Though the fighting in Eastern Ghouta is at heart a military conflict over territory—not, as one might presume from overheated press
commentary, a Srebrenica-style
mass execution—civilians are bearing the brunt of the violence.
UN sources have documented 346 deaths and 878 injuries since early February, not counting combatants. The real figure is thought to be higher, and aerial bombardment is now escalating sharply.
According to Linda Tom, a Damascus-based spokeswoman for the UN’s emergency aid coordination body, OCHA, there were reports of over 200 killed and more than 500 wounded in the enclave on Tuesday and Wednesday alone.
According to an opposition tally seen by IRIN, a further 71 civilians lost their lives in Eastern Ghouta on Thursday, and a medical source speaking to IRIN listed 24 attacks on hospitals, clinics and Red Crescent centres since 18 February, including in Douma, Saqba, Jisreen, Harasta, Kafr Batna, and Beit Sawa.
The attacks on health facilities are particularly destructive, international aid organisations say.

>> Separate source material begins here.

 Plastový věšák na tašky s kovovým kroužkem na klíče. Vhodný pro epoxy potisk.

“Wounded victims are dying only because they cannot be treated in time”, noted Marianne Gasser, the
ICRC's head of delegation in Syria, in a 21 February statement where she demanded access for ICRC teams.

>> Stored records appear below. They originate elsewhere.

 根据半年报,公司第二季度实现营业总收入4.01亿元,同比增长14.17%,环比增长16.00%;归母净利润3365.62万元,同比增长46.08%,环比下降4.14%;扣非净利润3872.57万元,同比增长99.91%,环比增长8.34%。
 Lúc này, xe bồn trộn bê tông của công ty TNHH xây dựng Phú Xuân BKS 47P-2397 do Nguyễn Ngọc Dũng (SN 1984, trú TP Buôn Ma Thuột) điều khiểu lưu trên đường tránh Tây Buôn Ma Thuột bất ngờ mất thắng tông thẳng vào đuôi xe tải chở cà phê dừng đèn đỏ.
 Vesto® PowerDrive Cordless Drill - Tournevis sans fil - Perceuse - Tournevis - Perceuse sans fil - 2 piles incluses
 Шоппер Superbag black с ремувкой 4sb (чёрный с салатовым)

Although the rebels have much less firepower than the pro-regime side, their mortar and rocket fire into Damascus seems equally indiscriminate. OCHA’s Linda Tom tells IRIN that the UN received reports of 13 killed and more than 50 wounded in rebel shelling on Tuesday. Syrian state media
reported another three dead and 22 wounded by mortars yesterday.
How will this end?
The government’s immediate aims are unclear. To retake the entire enclave may be the ultimate ambition, but al-Assad’s forces are likely to pursue interim goals such as seizing specific areas, decimating a particular faction, or mixing military assaults with temporary ceasefires and evacuation agreements.

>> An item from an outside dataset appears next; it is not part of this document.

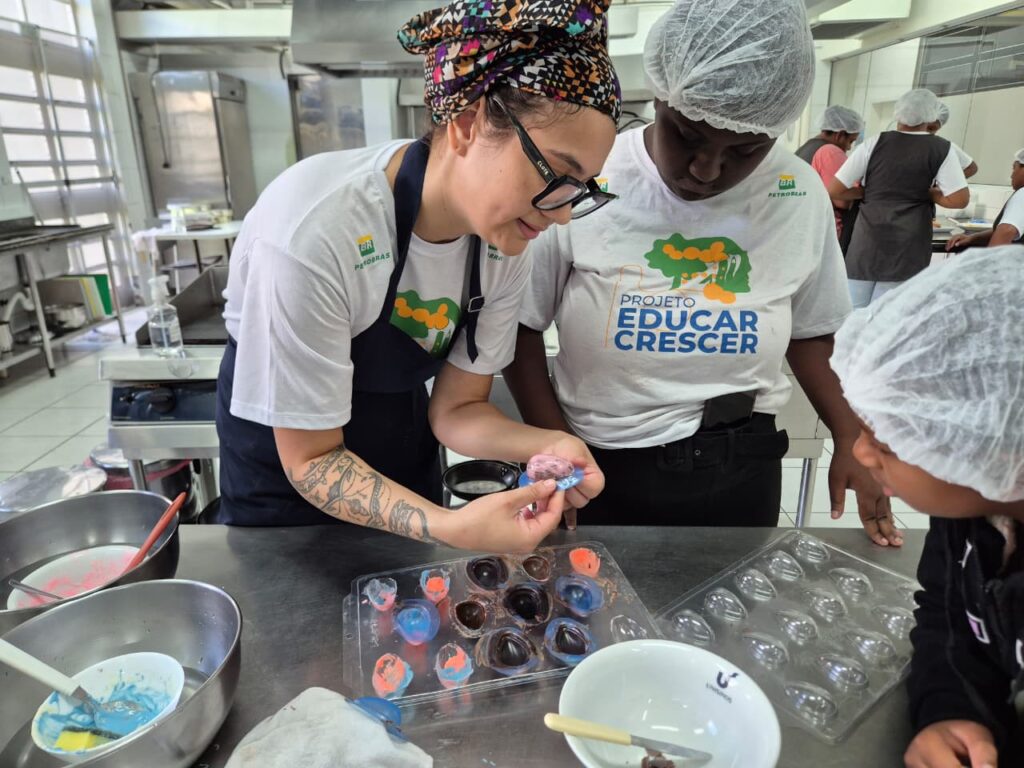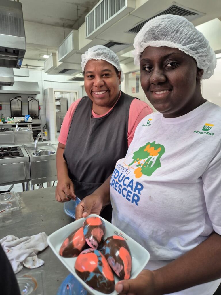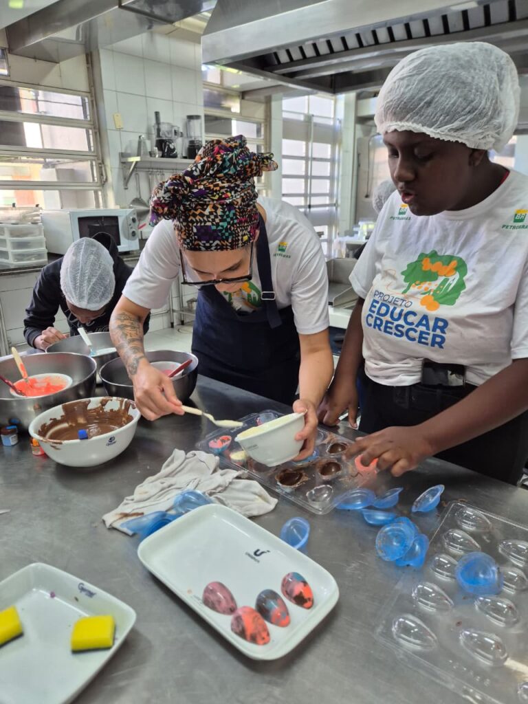 Segundo Rafaely, a equipe do projeto também escolheu forminhas de acetato que têm um preço de mercado mais acessível, sempre pensado na possibilidade das alunas usarem a técnica de trabalhar com chocolate como geração de renda. “Todo mundo aqui já participou de produção de Páscoa de casa e, hoje, as meninas vão levar os ovos produzidos por elas para dar para as crianças e isso é muito legal. Nossa intenção no projeto é sempre essa: que elas tragam o que é importante para elas e o que elas querem aprender”, afirmou.

As always when a government offensive looms, official rhetoric homes in on Tahrir al-Sham.
Russia led talks last autumn to force the jihadis to
evacuate Eastern Ghouta to Idlib, following a model seen in several other besieged areas whereby armed fighters can chose between surrendering or accepting safe passage on
buses to rebel-held territory in the north, accompanied by those civilians and family members who wish to join them. In return, Failaq al-Rahman reportedly asked for a new trade crossing near Mleiha or Harasta in order to reduce their reliance on Islam Army-controlled Wafideen. But these talks failed, and the current offensive seems to aim much higher.
According to the al-Assad-friendly Beirut daily
al-Akhbar, the government now wants both Tahrir al-Sham and Failaq al-Rahman sent to Idlib. Russian and Egyptian negotiators have reportedly sought to stitch together an agreement along these lines, with
Russia warning it will back a ground offensive unless a deal is reached. But despite “
marathon” negotiations, there seems to have been no breakthrough.
“The experience gained in Aleppo, when an agreement was reached with militants on their organized exodus, can be used in Eastern Ghouta”,
Lavrov said earlier this week.
That would seem to be sugar-coating events in Aleppo, which rather stands out as a model to be avoided. Aleppo’s rebels and their international backers rejected all talk of a negotiated handover for months, despite being overwhelmingly outgunned. Only after opposition defences had crumbled and civilians were fleeing in all directions did they agree to a
deal, which resulted in a hasty, scrambled, and chaotic evacuation of both rebel fighters and about 30,000 of the remaining civilians, most of whom were apparently never given a choice over whether to stay or leave. It was later described by the UN’s Commission of Inquiry as “
forced displacement”, a war crime.
The Eastern Ghouta enclave’s fate appears to be sealed. A safe exit arrangement for armed rebels and others who refuse or are unable to live under al-Assad may therefore be the least harmful solution for civilians. However there is a thin line between that outcome and violence that spins out of control into mass expulsion.
Even if opposition defeat in Eastern Ghouta ultimately seems certain, there are still many military and political paths to that end—some fast, some slow, and some more damaging to innocent people than others.